══ TASK DATA ══

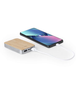 Externer Zusatzakku von 5.000 mAh, mit Gehäuse aus recyceltem Aluminium und Bambusoberfläche. Mit 2 USB-Ausgängen und zwei Typ-C-Eingang/ Ausgang Verbindung. Ladestatusanzeige und Typ-C-Ladekabel enthalten. Mit Recycled Aluminium-Logo und in einer individuellen Kraft-Design-Box präsentiert. Bedienungsanleitung in Englisch und Spanisch.USB C Eingang/Ausgang: 5V DC 2.4VUSB-Ausgang: 5V DC 2.4ARecyceltes Aluminium ist ein Material mit nahezu unbegrenzten Recyclingmöglichkeiten, das seine ursprünglichen Eigenschaften behält und bei diesem Prozess weniger Energie verbraucht.GRS-Zertifizierung (Global Recycled Standard), die den recycelten Ursprung des zur Herstellung des Produkts verwendeten Materials garantiert.Materialien wie Bambus fördern die Verwendung natürlicher Rohstoffe und reduzieren die Schadstoffemissionen. Es stammt von einer sehr widerstandsfähigen und vielseitigen Pflanze mit schnellem Wachstum und Regeneration, was es zu einer ausgezeichneten Alternative zu traditionellem Holz macht.Die Kapazitäten, die in allen unseren externen Zusatzbatterien angezeigt werden, sind real. Alle enthalten nicht recycelte Batterien der Klasse A mit einer Lebensdauer von mindestens 500 Ladezyklen und entsprechen den CE-Vorschriften.Darüber hinaus werden sie nach RoHS-Standards hergestellt und erfüllen folgende Sicherheitsanforderungen:Power Bank Überladung Schutzsystem.Komplettes Entladungsschutzsystem, das die Haltbarkeit der Powerbank erhöht.Blockiersystem zur Vermeidung von Kurzschlüssen.Konstantes Ladeübertragungssystem, in Übereinstimmung mit der Kapazität des Zielgeräts.
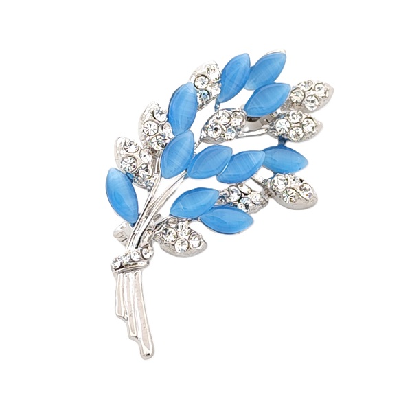 Нежна и изискана брошка с форма на клонче със сини листа и прозрачни кристали, създадена да придаде стилен акцент към всеки тоалет. Сребристият обков и блясъкът на кристалите я правят подходяща както за ежедневни, така и за официални облекла.
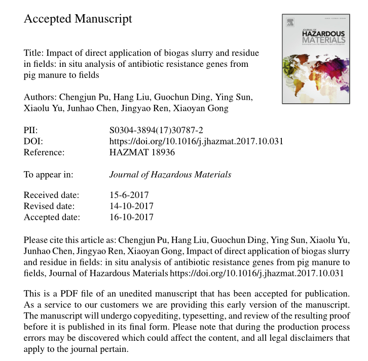 中国农业大学孙英教授在Hazardous Materialsional发表文章:: Impact of direct application of biogas slurry and residue in fields: in situ analysis of antibiotic resistance genes from pig manure to fields
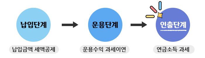 IRP계좌에서 연금으로 수령할 경우 각 단계에서 다양한 절세혜택을 지원하고 있습니다. 납입단계에서는 납입금액의 세액공제, 운용단계에서는 운용수익의 과세를 인출단계까지 이연시켜주며, 마지막 인출단계에서는 연금으로 수령 시 상대적으로 낮은 소득세를 적용시켜줍니다.
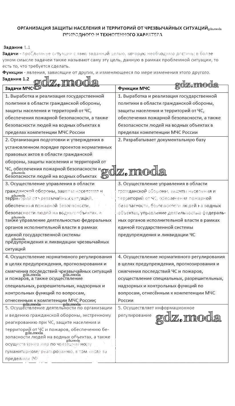 ОТВЕТ на задание № 1 Рабочая тетрадь по ОБЖ 9 класс Подолян
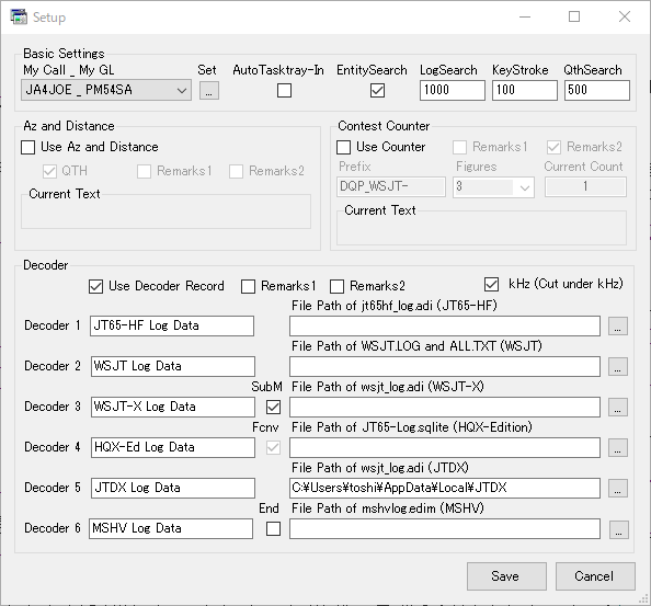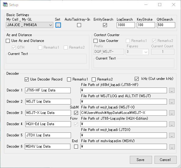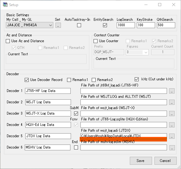 Decoder3の [WSJT-X Log Data] (JTDXの場合[JTDX Log Data] )で指定するFile Path は以下になります。toshiの部分は自分のパソコンのユーザー名になります。(\はWindowsでは¥小文字で入力してください。)

═══

INSTRUCTIONS TO FOLLOW: Exactly the lines from the one containing "Нежна и изискана" through the last line of the data above should be output, both ends included, with every picture left out.

YOUR RESPONSE:
 Нежна и изискана брошка с форма на клонче със сини листа и прозрачни кристали, създадена да придаде стилен акцент към всеки тоалет. Сребристият обков и блясъкът на кристалите я правят подходяща както за ежедневни, така и за официални облекла.
 中国农业大学孙英教授在Hazardous Materialsional发表文章:: Impact of direct application of biogas slurry and residue in fields: in situ analysis of antibiotic resistance genes from pig manure to fields
 IRP계좌에서 연금으로 수령할 경우 각 단계에서 다양한 절세혜택을 지원하고 있습니다. 납입단계에서는 납입금액의 세액공제, 운용단계에서는 운용수익의 과세를 인출단계까지 이연시켜주며, 마지막 인출단계에서는 연금으로 수령 시 상대적으로 낮은 소득세를 적용시켜줍니다.
 ОТВЕТ на задание № 1 Рабочая тетрадь по ОБЖ 9 класс Подолян
 Decoder3の [WSJT-X Log Data] (JTDXの場合[JTDX Log Data] )で指定するFile Path は以下になります。toshiの部分は自分のパソコンのユーザー名になります。(\はWindowsでは¥小文字で入力してください。)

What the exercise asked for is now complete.